▶ **BRIEF**:
What you return must match the records word for word, except that images are dropped.

[Extracted records]
• • • • •
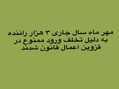 جانی معاون حمل و نقل و ترافیک شهرداری قزوین از تخلف ۳ هزار خودرو دز مهر ماه سال جاری به دلیل ورود به حریم ورود ممنوع در سطح شهر قزوین خبر داد.
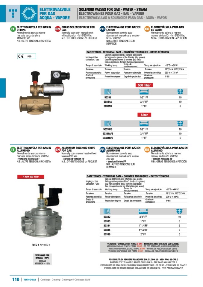 VERSION AVAILABLE WITH P MAX 6 BAR - EC PED STANDARD, ASK FOR QUOTATION
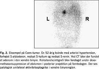 Under dexamethasonsuppression vil det normale binyrebarkvæv først kunne erkendes visuelt fra og med femte dag. Viser scintigrafien aktivitetsoptagelse i binyreregionerne før dette tidspunkt, vil det derfor være foreneligt med hyperfunktion. Ud fra aktivitetsoptagelsesmønsteret kan abnormiteten defineres: unilateral aktivitetsoptagelse vil være forenelig med adenom (Fig. 2), og bilateral aktivitetsoptagelse med hyperplasi.
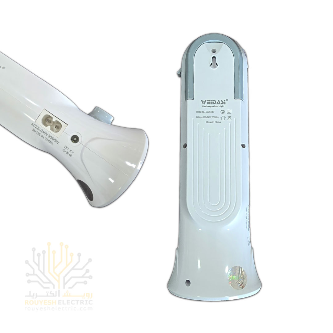 این چراغ مجهز به باتری داخلی قابل شارژ از نوع لید اسید با ظرفیت بالا است که از طریق برق شهری شارژ می‌شود. پس از شارژ کامل، می‌تواند بین ۳ تا ۵ ساعت نوردهی مداوم داشته باشد. چراغ WD-840 دارای ۱۵ تا ۲۰ عدد لامپ LED SMD با نور سفید است و با استفاده از ولوم تنظیم، شدت نور به‌صورت دلخواه قابل کنترل است. همچنین در صورت قطع برق، چراغ به‌طور خودکار روشن می‌شود.
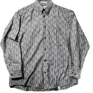 Jhane Barnes Mens Button Down Shirt M 15-1/2 Gray Brown Cotton Long Sleeve
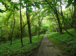 | [28] Looking back from the path to Cowleaze Wood | [29] The path through Cowleaze Wood | [30]Remains of an artwork in Cowleaze Wood |
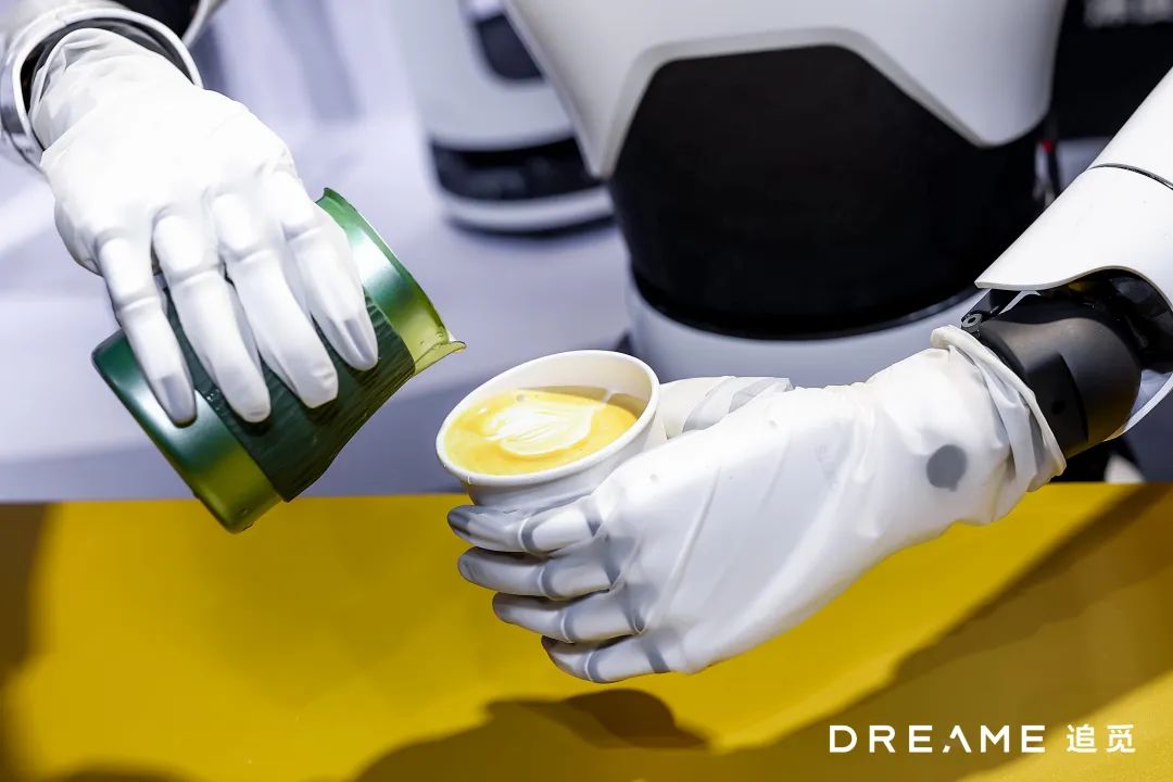 追觅科技人形机器人负责人喻超告诉「甲子光年」:“人形机器人自主实现咖啡‘拉花’的难点在于,它需要在开放空间里与人进行交互,这意味着它所处的空间位置和运动轨迹会有许多不确定性,同时需要识别不同材质及尺寸的工具。要解决这些问题,就要搭载更多的智能模型、传感器,并在机械结构设计上做创新调整。”
• • • • •
▶ **RESPONSE TO THIS TASK**:
 جانی معاون حمل و نقل و ترافیک شهرداری قزوین از تخلف ۳ هزار خودرو دز مهر ماه سال جاری به دلیل ورود به حریم ورود ممنوع در سطح شهر قزوین خبر داد.
 VERSION AVAILABLE WITH P MAX 6 BAR - EC PED STANDARD, ASK FOR QUOTATION
 Under dexamethasonsuppression vil det normale binyrebarkvæv først kunne erkendes visuelt fra og med femte dag. Viser scintigrafien aktivitetsoptagelse i binyreregionerne før dette tidspunkt, vil det derfor være foreneligt med hyperfunktion. Ud fra aktivitetsoptagelsesmønsteret kan abnormiteten defineres: unilateral aktivitetsoptagelse vil være forenelig med adenom (Fig. 2), og bilateral aktivitetsoptagelse med hyperplasi.
 این چراغ مجهز به باتری داخلی قابل شارژ از نوع لید اسید با ظرفیت بالا است که از طریق برق شهری شارژ می‌شود. پس از شارژ کامل، می‌تواند بین ۳ تا ۵ ساعت نوردهی مداوم داشته باشد. چراغ WD-840 دارای ۱۵ تا ۲۰ عدد لامپ LED SMD با نور سفید است و با استفاده از ولوم تنظیم، شدت نور به‌صورت دلخواه قابل کنترل است. همچنین در صورت قطع برق، چراغ به‌طور خودکار روشن می‌شود.
 Jhane Barnes Mens Button Down Shirt M 15-1/2 Gray Brown Cotton Long Sleeve
 | [28] Looking back from the path to Cowleaze Wood | [29] The path through Cowleaze Wood | [30]Remains of an artwork in Cowleaze Wood |
 追觅科技人形机器人负责人喻超告诉「甲子光年」:“人形机器人自主实现咖啡‘拉花’的难点在于,它需要在开放空间里与人进行交互,这意味着它所处的空间位置和运动轨迹会有许多不确定性,同时需要识别不同材质及尺寸的工具。要解决这些问题,就要搭载更多的智能模型、传感器,并在机械结构设计上做创新调整。”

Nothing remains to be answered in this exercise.